Lead image source: the county law directory at Wisconsin State Law Library Eau Claire County Resources is the approved county guide that links the clerk, sheriff, and other local legal resources together.

Eau Claire County felony records legal resources

That image belongs here because the law library guide is the best county map when you need to move from the criminal division to the next official office in the record trail.

Lead image source: the county clerk page at Eau Claire County Clerk of Courts shows the office that manages the county record file and criminal case requests.

Eau Claire County felony records criminal records

That image fits the clerk section because it points to the county criminal record path behind the public search.

Eau Claire County Felony Records Copies

When you need a copy, the clerk is the place to begin. Eau Claire County charges a $5 search fee when the case number is not provided. Standard copies cost $1.25 per page, and certified copies cost $5 per document. That fee structure is straightforward, which helps when you are deciding whether a screen check is enough or whether you need an official paper copy with a seal. If you already have the case number, the request is usually faster and simpler.

The office can take requests in person, by mail, email, or fax. That is helpful when you need the file but cannot get to the courthouse right away. The public access terminals in the lobby are another practical detail. They let you confirm the case before you ask for copies, which can save time. If you are calling ahead, have the case name ready and the approximate filing year if it is an older record.

Wisconsin open records law supports access under Wis. Stat. 19.35. In practice, that means the county can still ask for a clear request, but the file should remain available to inspect or copy unless another rule says no. Eau Claire County's record path keeps that access tied to the clerk office, not a third-party vendor or a broad online guess.

The county law library page reinforces that office structure by pointing to the clerk and sheriff resources together. That is helpful when you are deciding whether the court file or the arrest side is the better next stop. In many searches, you need both. In others, the clerk copy is enough. The point is to keep the request tied to the office that actually holds the record.

For a broader public form path, the Wisconsin courts keep a Circuit Court forms page. That can help when you want to make a written request or need the right form before you contact the clerk. It keeps the process official and keeps the request aligned with the county case file.

Note: Eau Claire County search and copy fees were listed in the research set, so verify the current amount before you submit a mailed or in-person request.

Eau Claire County Felony Records Help

Eau Claire County does not spread the record trail across many offices. The clerk keeps the case file. The state portal gives you the public summary. The law library gives you the county contact map. That is enough to move from a name to a real file without guessing. It also keeps the search local, which matters when you need the office that can actually confirm the record.

The county law library page for Eau Claire County resources is useful because it points you back to the county record offices in one place.
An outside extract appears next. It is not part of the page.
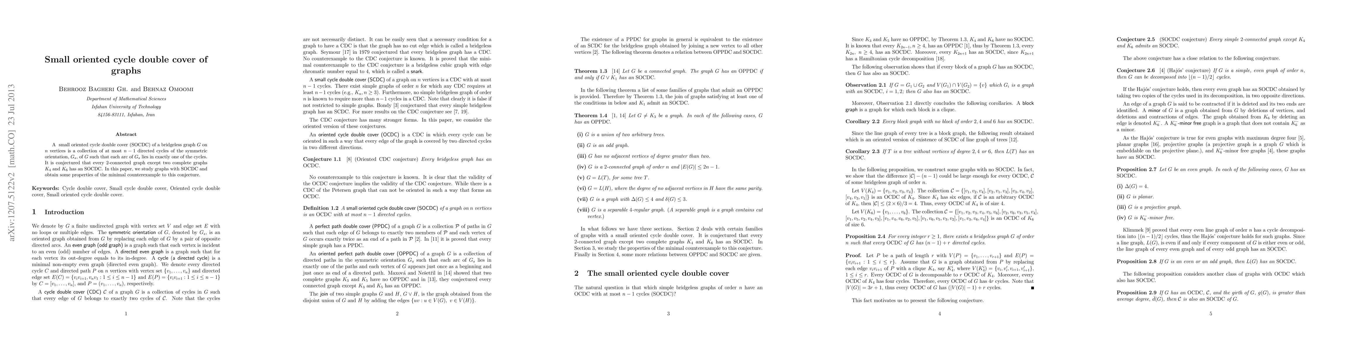 This paper explores the existence of small oriented cycle double covers (SOCDC) in bridgeless graphs, investigating the conjecture that every 2-connected graph, excluding $K_4$ and $K_6$, possesses an SOCDC. It examines the properties of potential minimal counterexamples to this conjecture.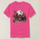 El color es muy bonito al natural, como la foto. El tejido es suave y de buena calidad. Sin defectos en el tintado, ni hilos sueltos o descosidos. Bien la impresión. Los bordes de las letras y el dibujo son nítidos, y el color contrasta muy bien con el de la camiseta.

If a search feels stuck, go back to that county page and use it as the roadmap. That keeps the search grounded and reduces the odds of wasting time on an outside database that does not have the full file.

Felony records in Wisconsin are retained for 75 years in Eau Claire County, with homicide and sexual assault cases kept permanently. That long retention period makes the public portal useful even when the case is old. It also means a short online entry does not always mean the file is gone. Sometimes the data is just thin, and the clerk office remains the better next stop.

If you are ready to move, start with WCCA, then ask the clerk for the official copy. Keep the request short. Keep the names exact. That is usually enough to get from a public lookup to the record you need.

Note: Eau Claire County searches work best when you confirm the case in WCCA first and then ask the clerk for the official copy.